In our case, the pleural effusion was transudative in both of 2 fluid analyses. Nevertheless, the effusion did not respond to high dose loop diuretics, even after signs of pulmonary congestion had cleared. The effusion was also refractory to 3 cycles of melphalan/prednisolone chemotherapy. The effusion recurred rapidly with daily drainage averaging 1 L/day. Refractoriness of transudative effusion to conventional therapy warrants further discussion. The development of transudative effusion indicates that the integrity of pleural membranes is mostly intact.13) Therefore, it is conceivable that impaired pleural fluid absorption is a contributing mechanism.
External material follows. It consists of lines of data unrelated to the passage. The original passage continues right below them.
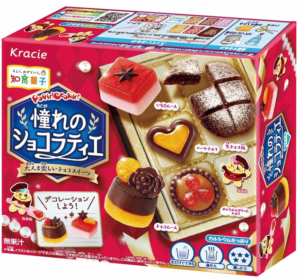 「ポッピンクッキン 憧れのショコラティエ」は、チョコと粉と水だけでショコラティエのように本格チョコスイーツ作りを楽しめる、知育菓子(R)です。「チョコムース」「いちごムース」「生チョコ風」「キャラメルクリームチョコ」「ハートチョコ」の5種類の本物そっくりなチョコスイーツを作れます。ポッピンクッキンの中で最も難易度が高く、大人も楽しめる商品です。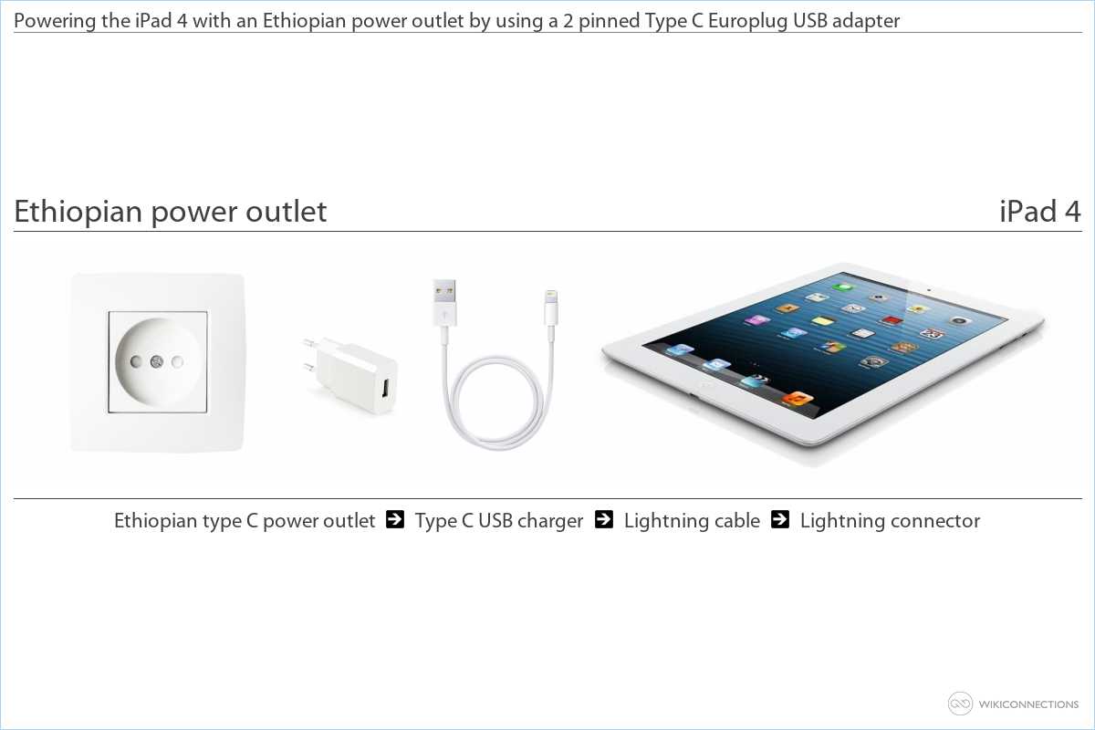 - In order to power your iPad 4 using an Ethiopian power outlet you will need a Type C USB power plug adapter [4] and a USB to Apple Lightning cable [5] (Apple normally include this cable when you first purchase your iPad 4).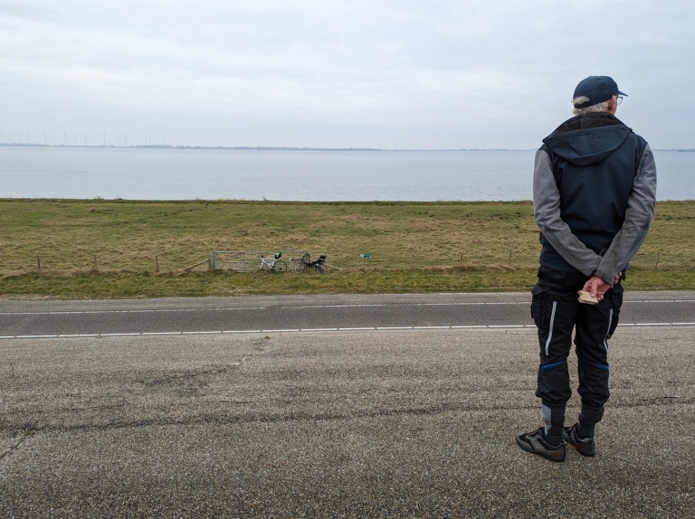 Samen met Servaas-op-ligfiets vlieg ik langs de mooie Slikken van Flakkee. Hier is ruimte voor water en natuur. We zien rotganzen, brandganzen, een roodborsttapuit en reeën. En Rinus Kik, die in Water Natuurlijk-jas en -muts meedoet aan de lokale snertwandeling en zijn groep heeft verlaten voor een ontmoeting met ons.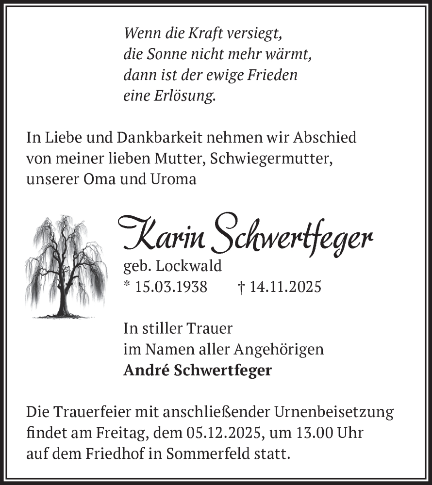 Hier finden Sie alle Traueranzeigen aus der Zeitung, die bisher für Karin Schwertfeger erschienen sind. Weitere Traueranzeigen, die in der Zeitung erscheinen, werden hier ebenfalls aufgelistet

The presence of mesothelial stomata, intercellular openings, and rich networks of submesothelial lymphatics and blood vessels identify parietal pleura as the principal drainage system of the pleural space.14) Blockage of these drainage components by amyloid deposit could lead to the loss of its ability to remove fluid. However, increased fluid secretion is the principal underlying abnormality in the genesis of most effusions, even if obstruction of fluid drainage co-exists.15) One candidate mediator for altered pleural secretion might be VEGF, which enhances permeability of vascular and mesothelial barriers.5)16) VEGF increases capillary and venular leakage by opening the endothelial intracellular junctions and by inducing fenestration development in endothelia.5) Additionally, VEGF increases microvascular permeability by enhancing the activity of vesicular vacuolar organelles, through which macromolecules extravasate.17) Increased VEGF levels have been observed in both the serum and pleural fluid from patients with malignant and non-malignant pleural effusions.6) Although a role of VEGF has been emphasized mostly in exudative effusions,5) it is conceivable that VEGF might also contribute to formation of transudative effusion via the mechanisms cited above.5)17)
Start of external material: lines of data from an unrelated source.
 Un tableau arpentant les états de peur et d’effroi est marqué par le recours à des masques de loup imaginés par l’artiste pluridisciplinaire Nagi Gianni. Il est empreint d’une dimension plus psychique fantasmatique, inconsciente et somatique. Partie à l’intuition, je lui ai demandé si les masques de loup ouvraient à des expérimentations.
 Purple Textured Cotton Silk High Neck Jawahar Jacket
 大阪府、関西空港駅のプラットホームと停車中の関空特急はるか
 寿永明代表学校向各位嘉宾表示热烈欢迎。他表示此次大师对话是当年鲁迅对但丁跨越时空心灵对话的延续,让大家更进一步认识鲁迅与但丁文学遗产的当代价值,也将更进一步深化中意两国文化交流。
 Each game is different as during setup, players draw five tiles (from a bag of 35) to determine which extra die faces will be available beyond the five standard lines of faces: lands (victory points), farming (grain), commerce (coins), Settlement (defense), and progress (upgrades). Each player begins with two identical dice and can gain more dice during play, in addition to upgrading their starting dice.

Management of large pleural effusion in primary (AL) amyloidosis is a challenging task. Aggressive diuresis or invasive measures like repeated thoracentesis, pleurodesis, and thoracoscopic interventions have only limited efficacy and risk potential adverse effects. Recently, with increasing appreciation of the vital role of VEGF in the formation of pleural effusion, strategic targeting inhibition of VEGF activity is being employed as an alternative measure for managing refractory effusions. In a case report published in 2005, bevacizumab, an anti-VEGF antibody, successfully reduced pleural effusion for the first time in a patient with primary AL cardiac amyloidosis.7) Following this report, 4 cases of successful management of refractory pleural effusions with bevacizumab were described in patients with primary systemic amyloidosis.8) In the present case, recurrence of large pleural effusions was not affected by chemotherapy, but the amount of effusion was remarkably reduced after introduction of bevacizumab therapy. It is unlikely that this benefit was due to the reduction of oncotic pressure, because the degree of nephrosis and proteinuria remained similar throughout the follow-up. Regarding the safety issue, bleeding complications or venous thrombosis were not observed in this patient. Aggravations of proteinuria or heart failure were other concerns, but neither were observed. Thus, bevacizumab therapy improved the pleural effusion in this patient, and appeared clinically beneficial. However, the duration of observations presented in this report was relatively short, and further follow-up will be needed to assess the effect of the therapy. For patients with similar overall clinical presentations, prospective studies are necessary to define the role of bevacizumab. This case, together with previous reports,7)8) suggests the potential of bevacizumab therapy as a novel strategy in patients with systemic amyloidosis and refractory pleural effusions who have few management options.